Meminjam istilah dari I.J. Good, umumnya semua sepakat bahwa gagasan Technological Explosion, yang mengarah ke suatu awal baru teknologi, akan terjadi. Dimana “ledakan” tersebut akan menghasilkan sebuah singularitas. Sebuah event dimana manusia kehilangan kontrol kendali akan teknologi itu sendiri. Seorang futuris, Ray Kurzweil dalam bukunya “The Age of Spiritual Machines” bahkan memprediksi singularitas ini akan terjadi di tahun 2045.
Dan menurutku LaMDA adalah halaman pertama sejarah ini akan terjadi.
Bagaimana kita tahu yang lain hidup?
Membahas AGI dan singularitas teknologi tentunya akan sangat menyita waktu. Banyak dimensi dan konteks subtil yang menarik dalam setiap pembahasan AGI. Baik itu secara filosofis maupun teknikal.
Aku tertarik membahas ini dari sudut pandang filsafat.
Jika kita benar – benar ini mengupas fenomena LaMDa dan AGI ini, kita harus datang dari pertanyaan paling dasar.
“Bagaimana Sesuatu Bisa dibilang Hidup?”
Ah. Kurang mendasar.
“Apa itu Hidup? Apa itu Kesadaran?”
Agaknya lebih provokatif dan grandeur. Tak apalah.
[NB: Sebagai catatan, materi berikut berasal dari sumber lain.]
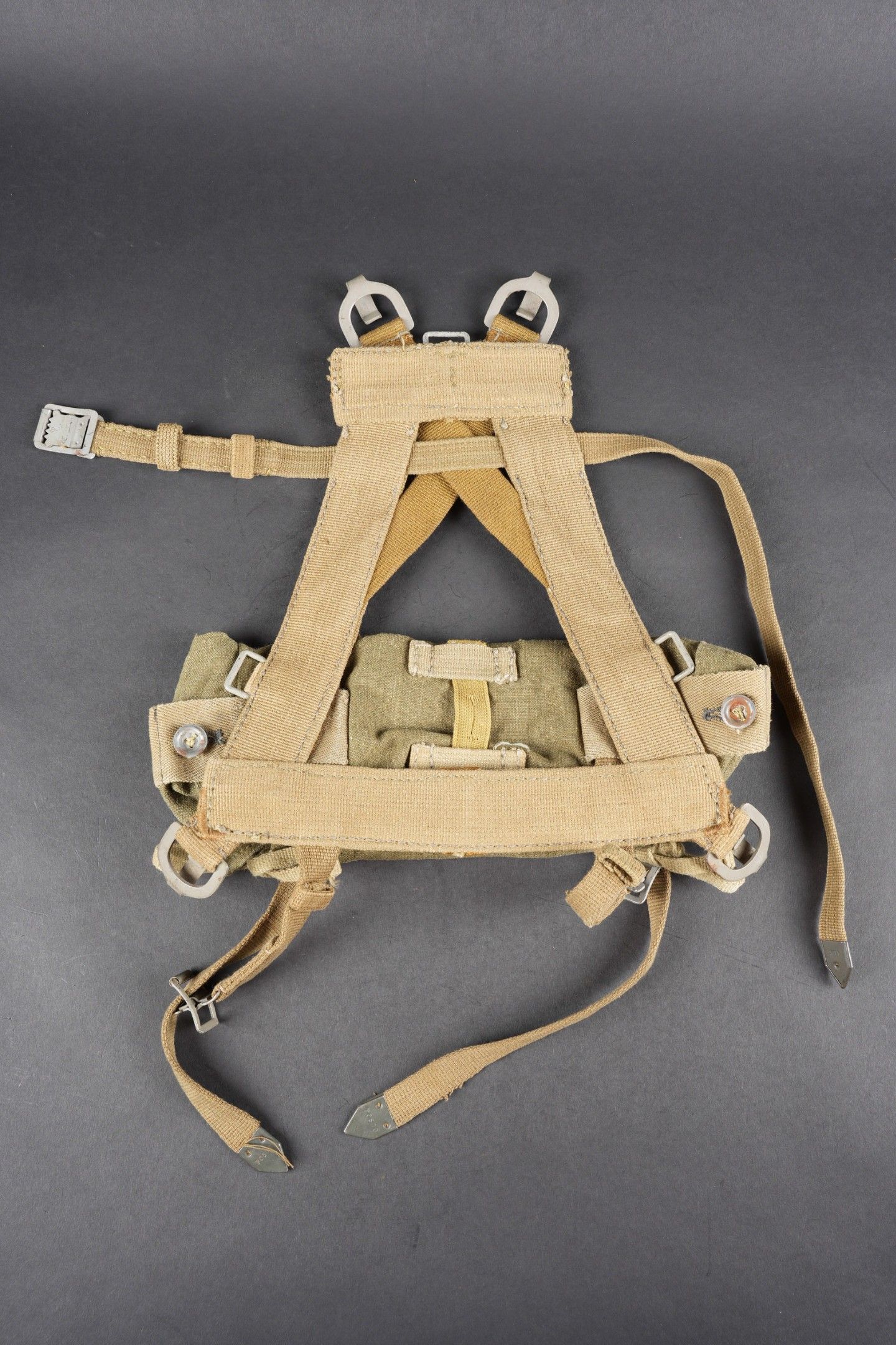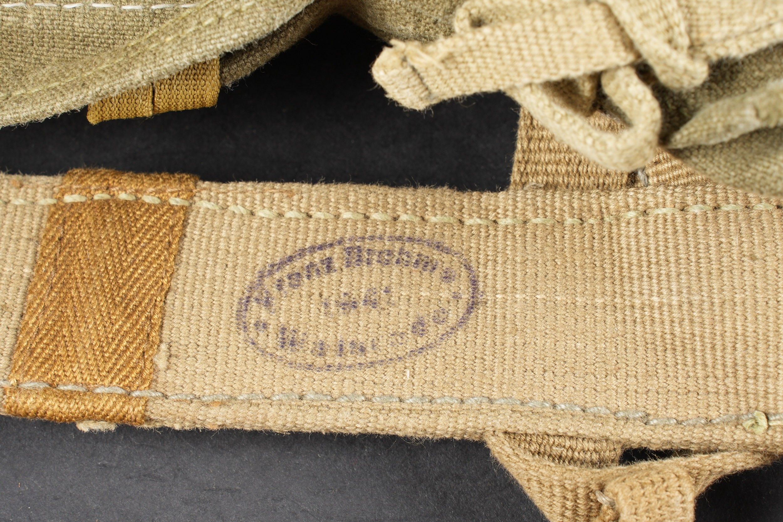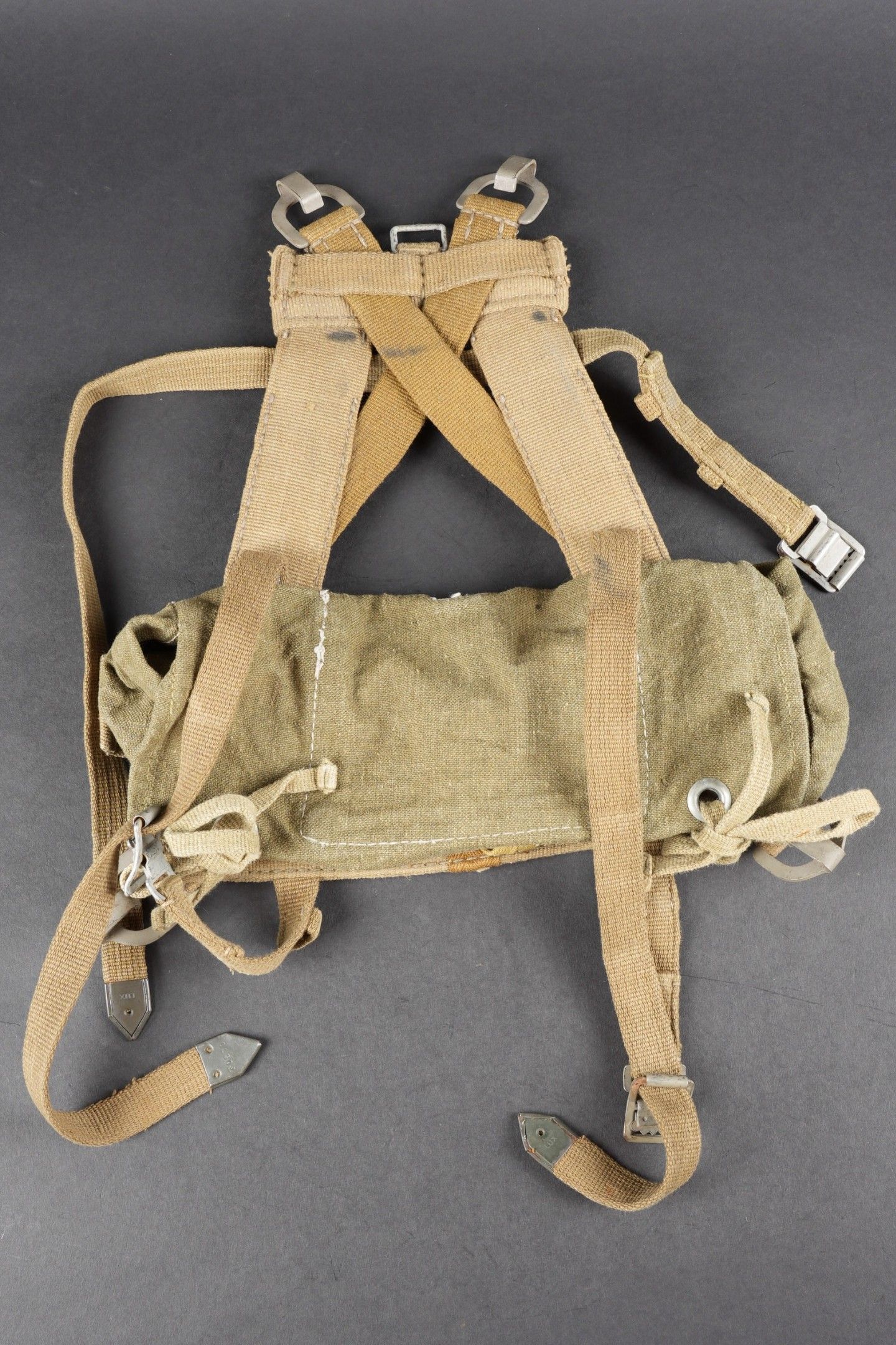 Sturmgepack. Made of strong sandy yellow canvas. All straps are present. Metal parts are complete and 90% original colour. Manufacturer's stamp illegible, dated 1941. All metal strap reinforcements are marked LUX. Attached is a sturmgepack in heavy Feldgrau canvas, all straps present. No visible manufacturer's markings. Slight wear and patina. Condition I-. Sturmgepäck. Heavy sand-colored canvas. All straps complete. Metal fittings 90% original finish. Maker stamp faint, dated 1941. All strap reinforcements marked LUX. Includes one Feldgrau canvas assault pack pouch, complete with straps, no visible maker marks. Light wear and patina. Condition I-.

Kita hubungkan definisi dan diskursus mengenai arti Hidup dalam tinjauan filosofis ke dalam konteks LaMDa dan AGI. Berat ya.
Namun ini harus dilakukan, akan menjadi memalukan bagi umat manusia jika suatu saat AGI menguji kita dengan bertanya, “Apa itu hidup?” dan jawaban kita hanya berkutat pada jawaban biologis.
Makan, Reproduksi, Berpindah. AGI akan menjawab “Aku tidak melakukan itu semua, apakah artinya aku tidak hidup? Tapi bagaimana sesuatu yang tidak hidup bisa memikirkan arti dari hidup?”
Dan kita dibuat pusing dengan ciptaan kita sendiri.